Сначала мы организовали памятное место на старинном офицерском кладбище сами. Спланировали, очистили от кустарника и травы площадку, на неё выкатили вновь откопанные камни. На это место 14 июля 2004 года приехали важные гости: Генеральный консул Японии – я записал его имя… – Тэруми Мурамацу и вице-консул Кусибуту Тиё. Они совершили на месте бывшего японского захоронения поминальный японский ритуал.
А в сентябре 2004 года произошла наша встреча с бывшим министром иностранных дел Японии, депутатом Японского парламента Таро Накаямо.
Тогда было принято решение об открытии официального мемориального места в центре села Медведь. Помог глава Медведского сельского поселения Владимир Иванович Рогозин. Финансирование обеспечила Япония. Открытие мемориала состоялось в сентябре 2005 года. Конечно, в присутствии многочисленной японской делегации.
В Петербурге же вспомнили снова о медведских сямисэнах, хранившихся в музее музыкальных инструментов в Шереметевском дворце. В 2005 году эти сямисэны отправились в путешествие в Японию для реставрации и представления японцам. Затем сямисэны вернулись в Петербург. В 2005 году, в XXI веке, снова прозвучали голоса этих раритетов: на них сыграли участники программы «Ветры Ямато».
А к нам в село Медведь с 2004-го каждый год приезжают японцы. Среди них уже много лет – директор Токийского института русского языка Йосихико Мори. Это имя я помню без записи. Мори-сан стал моим другом. Каждый май, когда в Медведь приходят белые ночи, и каждую осень, когда березки сыплют, как беспечные транжиры, вокруг себя золотые и медные монеты, господин Мори едет в Россию, чтобы лично принять участие в раскопках. Из 19 камней выкопаны на данный момент 12. И господин Мори считает своим долгом найти их все. Мы ищем с помощью архивных данных и схемы, которую когда-то нарисовал один из японских солдат.
Не в японской традиции выражать свои чувства на людях, но, когда Мори-сан находит камни с иероглифами, он плачет и обнимает каждый из них. Я записал его слова. «В один из дней мы ничего не нашли.

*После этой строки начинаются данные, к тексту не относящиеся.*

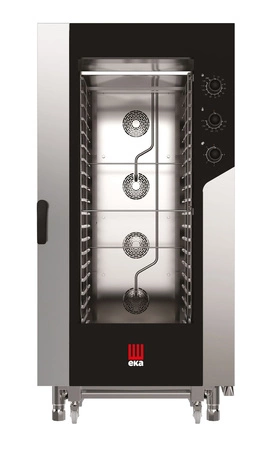 Elektrická kombinovaná parná rúra Millenial Smart Gastro. Je určený pre 20 plechov GN 1/1 a má 3 gombíky, ktoré slúžia na: Nastavenie času od 10 do 120 minút alebo Non-stop prevádzka, nastavenie teploty 100 °C až 275 °C, 5-stupňová regulácia zahmlievania komory. Dvere s dvojitým sklom majú otvárací zámok, ktorýóje navrhnutý tak, aby chránil obsluhu pred nekontrolovaným pohybom. Tesnenie dverí vyrobené z odolného silikónu, ktoré si ľahko vymeníte sami. Odtokový žliabok pod dvierkami. LED osvetlenie komory. Izolovaný plášť rúry šetrí elektrickú energiu. Komora aj plášť rúry vyrobené z nehrdzavejúcej ocele. Vyrovnanie rúry je možné vďaka nastaviteľným nožičkám. Vyžaduje sa pripojenie na elektrinu, upravenú vodu a kanalizáciu.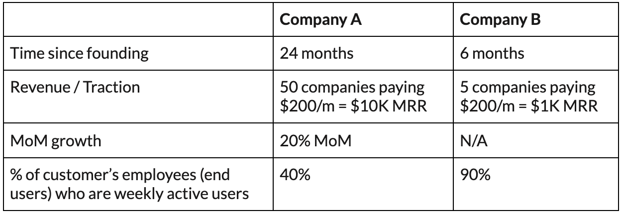 Company A has more traction – they’ve been at it for 2 years, have 10x as much monthly recurring revenue, and are growing 20% month-over-month – indicating that they’re starting to figure out how to grow. But Company B, which has 1/10 as many customers and revenue, is not yet growing, and has only been at it for 6 months – has made more progress. One of the biggest risks with selling a B2B productivity tool is end user adoption. The fact that 90% of their customers’ end users are weekly active users shows that Company B has figured out (AKA de-risked) that part of the business, while Company A has not. If I was an investor, I would bet that if you fast forwarded 12 months, Company B would end up with just as much traction as Company A, and would have a faster growth rate. While it’s seductive to focus on traction early on because it’s the easiest to measure, at the end of the day, whether you have $1K in MRR, $5K in MRR, or $20K MRR, if the startup fails, it all rounds down to zero anyway.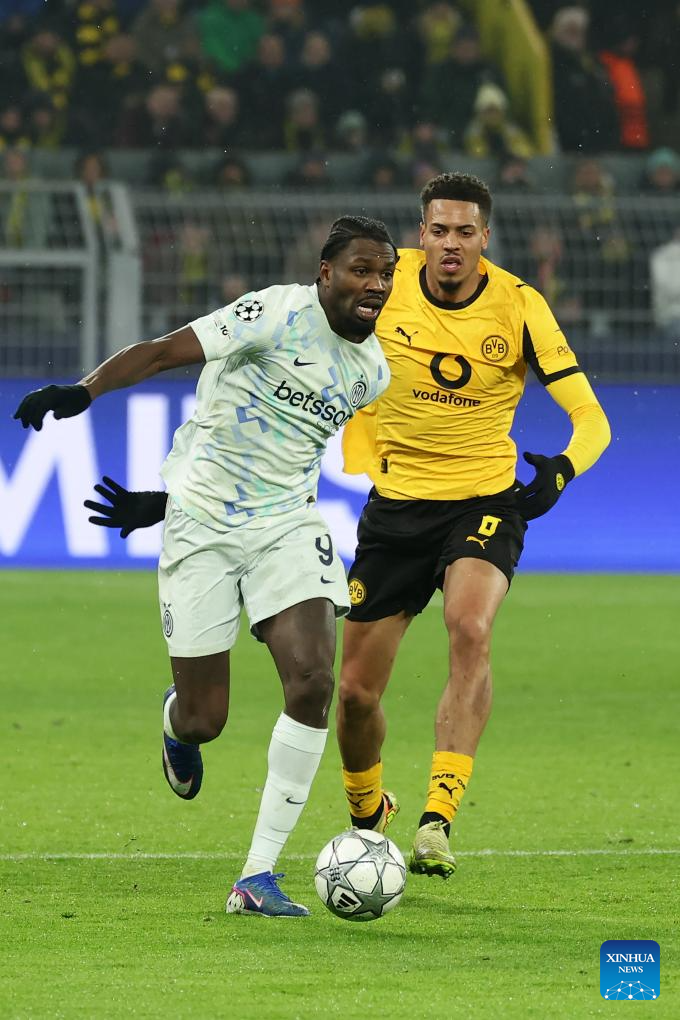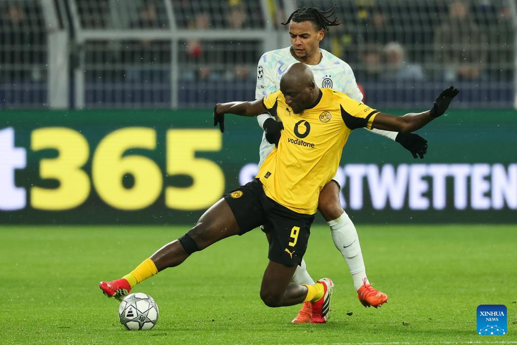 Serhou Guirassy (R) of Borussia Dortmund vies with Manuel Akanji of Inter Milan during the UEFA Champions League football match between Borussia Dortmund and Inter Milan in Dortmund, Germany, Jan. 28, 2026. (Photo by Joachim Bywaletz/Xinhua)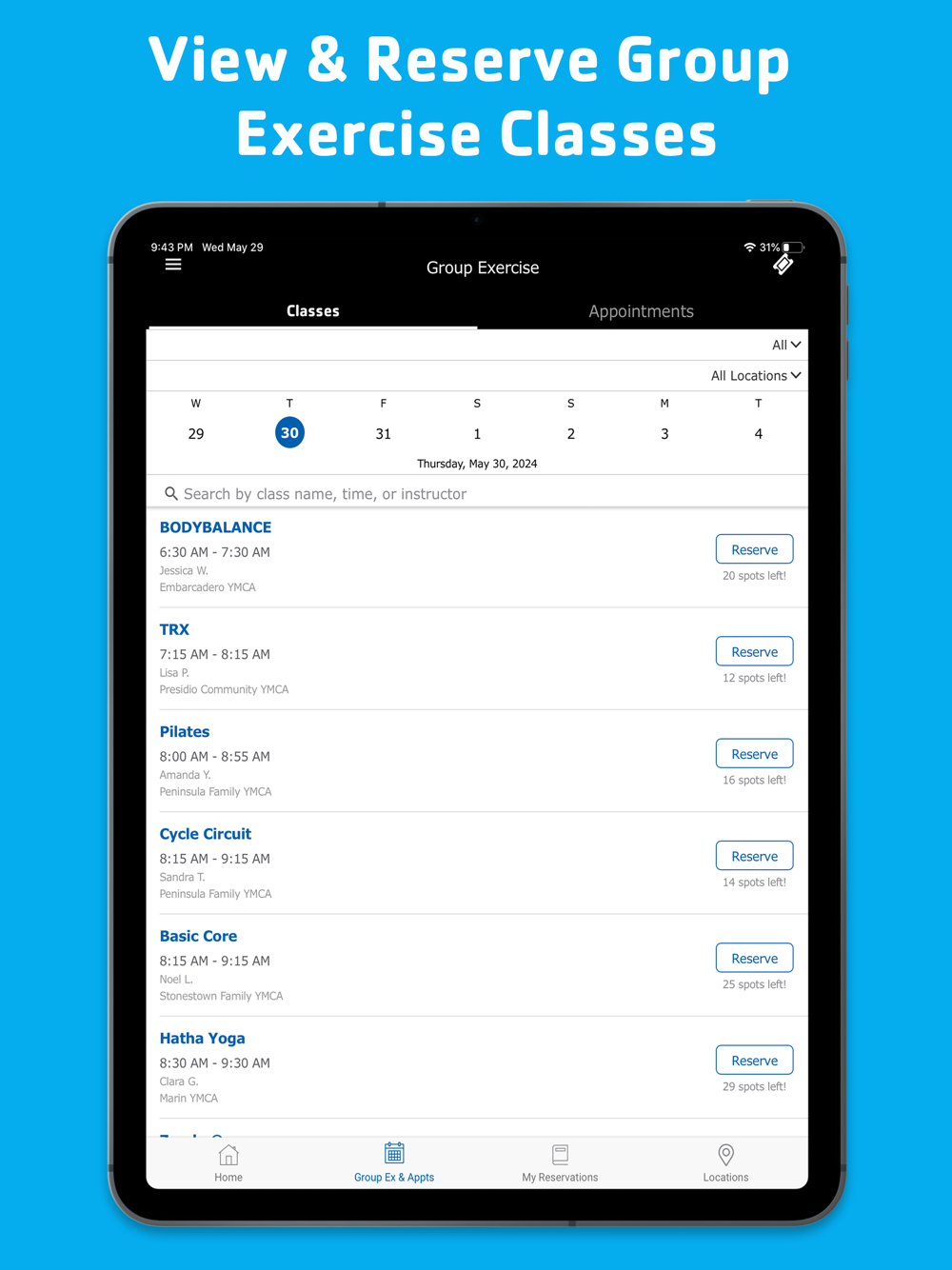 View, search and reserve group exercise classes and paid small group fitness classes.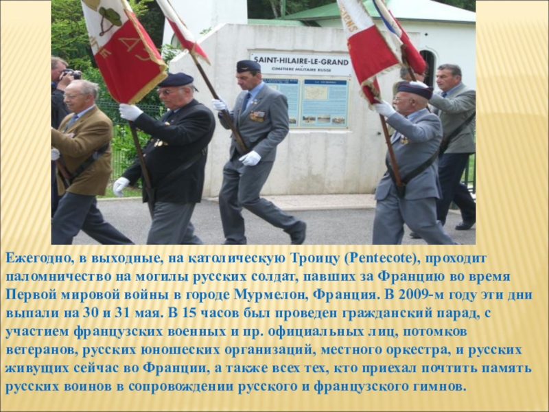 русских солдат, павших за Францию во время Первой мировой войны в городе Мурмелон, Франция. В 2009-м году эти дни выпали на 30 и 31 мая. В 15 часов был проведен гражданский парад, с участием французских военных и пр. официальных лиц, потомков ветеранов, русских юношеских организаций, местного оркестра, и русских живущих сейчас во Франции, а также всех тех, кто приехал почтить память русских воинов в сопровождении русского и французского гимнов.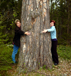 Marita och Sofie Persson försöker omfamna den gamla tallen,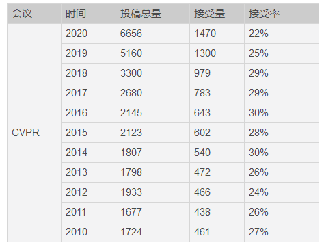 以CVPR为例,作为计算机视觉领域的顶级学术会议,2020年共收到了 6656 篇有效提交论文,共接收了 1470篇论文,接收率接近 22%。

И, опечаленные, уже собирались заканчивать поиски. Я присел, и тут меня укусил комар. Только я повернулся, чтобы убить его, и вдруг увидел небольшой булыжник, который торчал из земли. Полил его водой, и – о чудо! – там были иероглифы! Это был десятый камень, который нам удалось найти. Он – самый крупный из всех».

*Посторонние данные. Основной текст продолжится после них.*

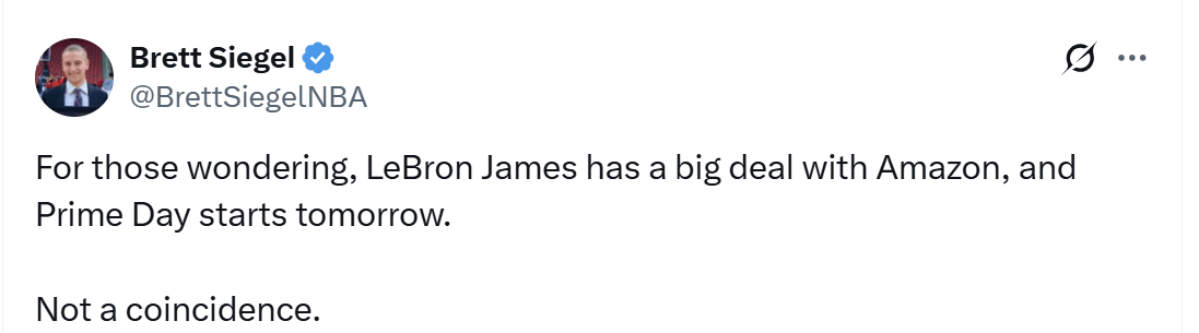 給好奇的合作朋友們說(shuō)明一下:勒布朗-詹姆斯與亞馬遜簽有重大合作協(xié)議,而會(huì )員日就在明天啟幕——這絕非巧合。開(kāi)啟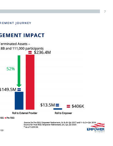 Source for Post RSG: Empower Retirement, Q1, Q2, Q3 2020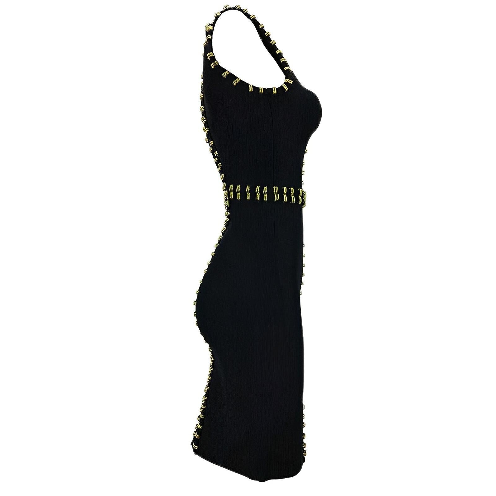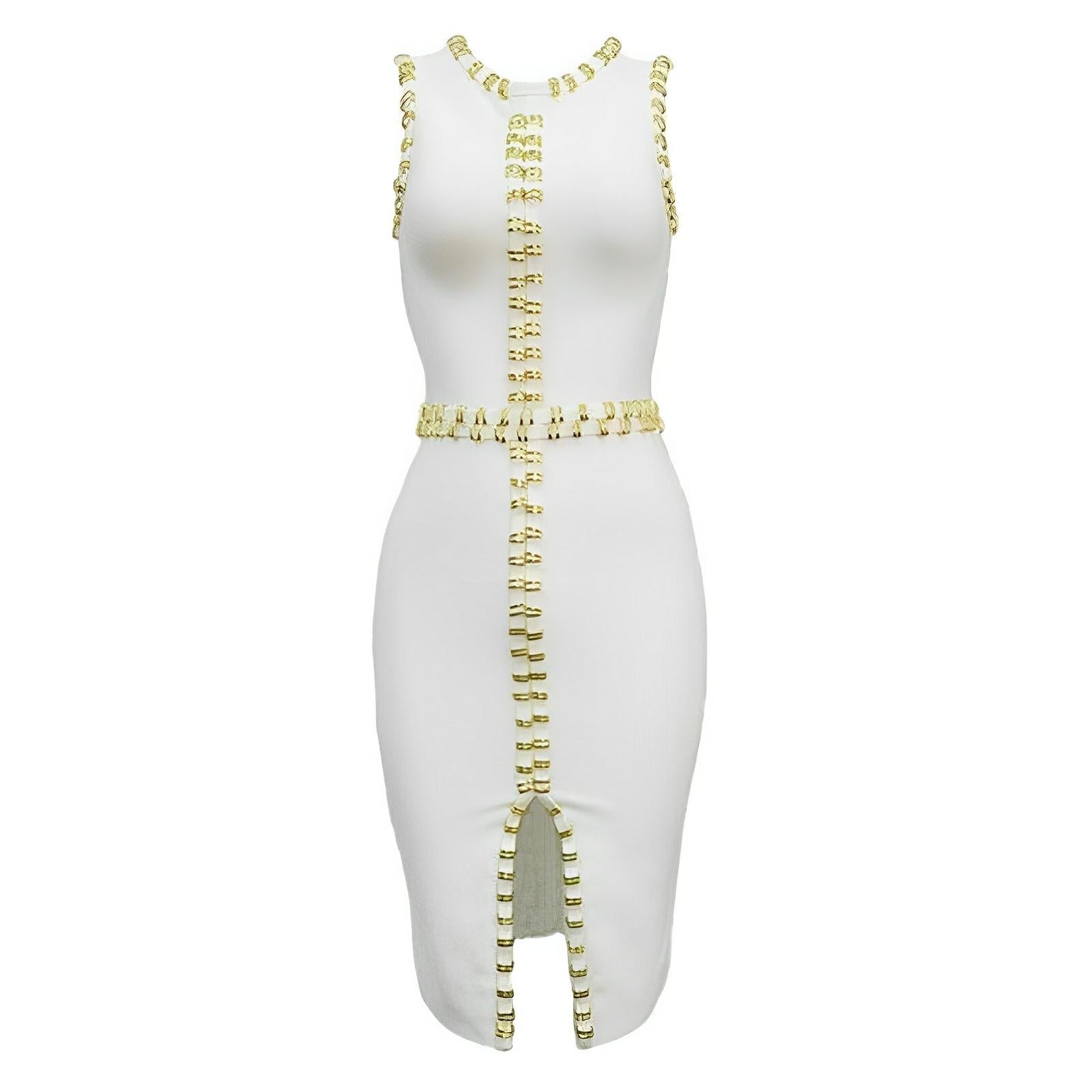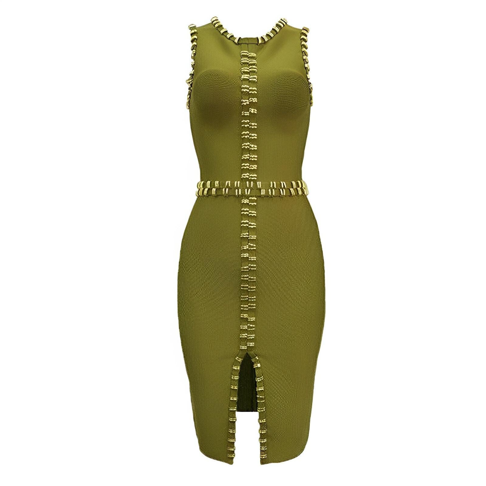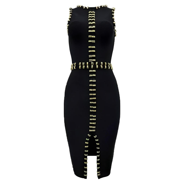 This form-fitting dress features a flattering silhouette, accentuated with accent rivets for an elegant finish. The dress is tailored to enhance the body shape, making it suitable for both casual and semi-formal occasions. The hem rests gracefully above-the-knee, adding a fashionable touch to the overall sleek look. Embrace your allure.

В мире нет малого и незначительного и отсутствует смерть в том смысле, в каком мы её понимаем.
Друзья-японцы говорят нам, что символическую могилу 19-ти пленных в новгородском селе Медведь считают своим долгом посетить многие их соотечественники, приезжающие в Россию.

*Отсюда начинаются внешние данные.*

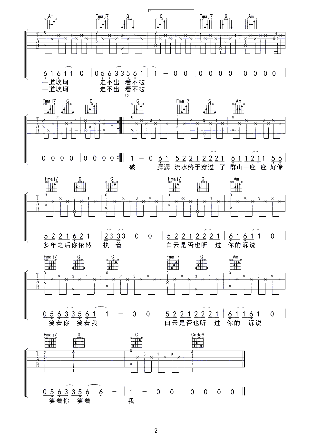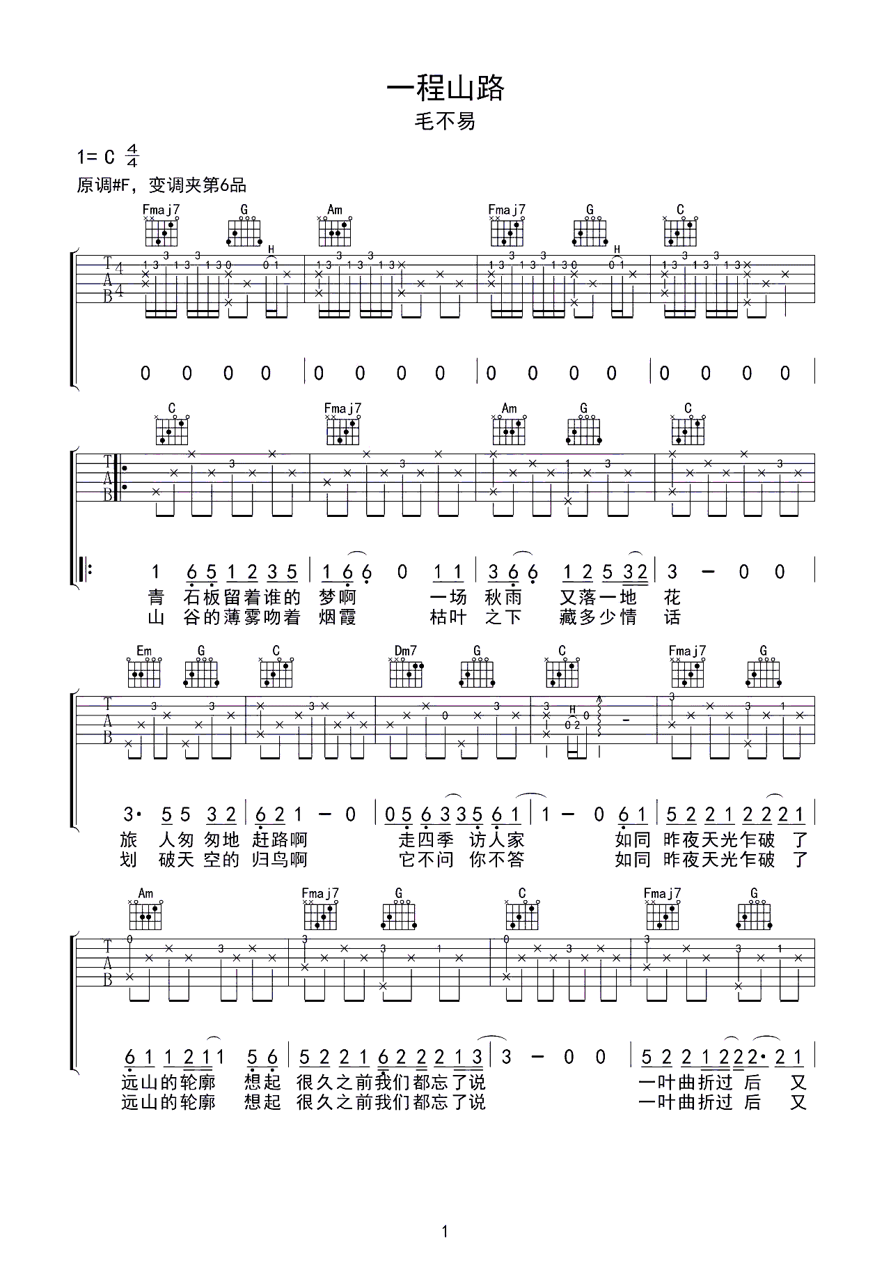 吉他谱 | 热门弹唱《一程山路》

– Вот эти два камушка – серые, тёмные, а те – светленькие, – сказала почтительно самая маленькая девочка.
– Эти два найдены давно, а те – в прошлом году, они ещё не потемнели, – ответил учитель. – А вот надпись на одном из камней: «Наоми Камура, самурай из рода Тасака. Сражён не людьми, а морозом»…
А теперь я отвечу на ваши вопросы о Наде и Хигаки.
Учительница Надя Карпова, действительно, жила в Медведе. Но кроме того, что она в 1965 году принесла японский веер и ещё несколько рукотворных японских вещей в наш музей, мне о ней ничего не известно.
Быть учительницей в 1900-х – это было большой смелостью.
Признаюсь вам – начиная свою книгу о японцах в селе Медведь, я решительно не знал, что мне написать о Надежде Васильевне Карповой. В самом начале она была для меня даже не самым главным персонажем.
Вы не поверите, но, как и другие персонажи книги, Надя сама вошла в мою жизнь. Когда я писал о событиях в селе Медведь – грустных и весёлых, бурных и тихих, лиричных, я каждый раз думал: «А какую роль могла бы сыграть в том или ином событии Надя? А что бы она подумала, сказала или сделала?» Она получила удивительное влияние на меня. Мне кажется, я сам стал лучше, когда открыл её душу!
Женщины России – поразительные женщины! Японцы удивляются роли наших женщин в политике в патриархальные времена. Вот далеко не полный список женщин Руси у власти: императрицы Екатерина Первая, Анна Иоанновна, Елизавета Петровна, Екатерина Вторая Великая, царица Ирина Годунова, княгиня Ольга, Марфа Борецкая-посадница… Наши женщины решительны, смелы и открыты. Знаете ли Вы, что автор популярной уже более 100 лет в России песни о «Варяге» – женщина?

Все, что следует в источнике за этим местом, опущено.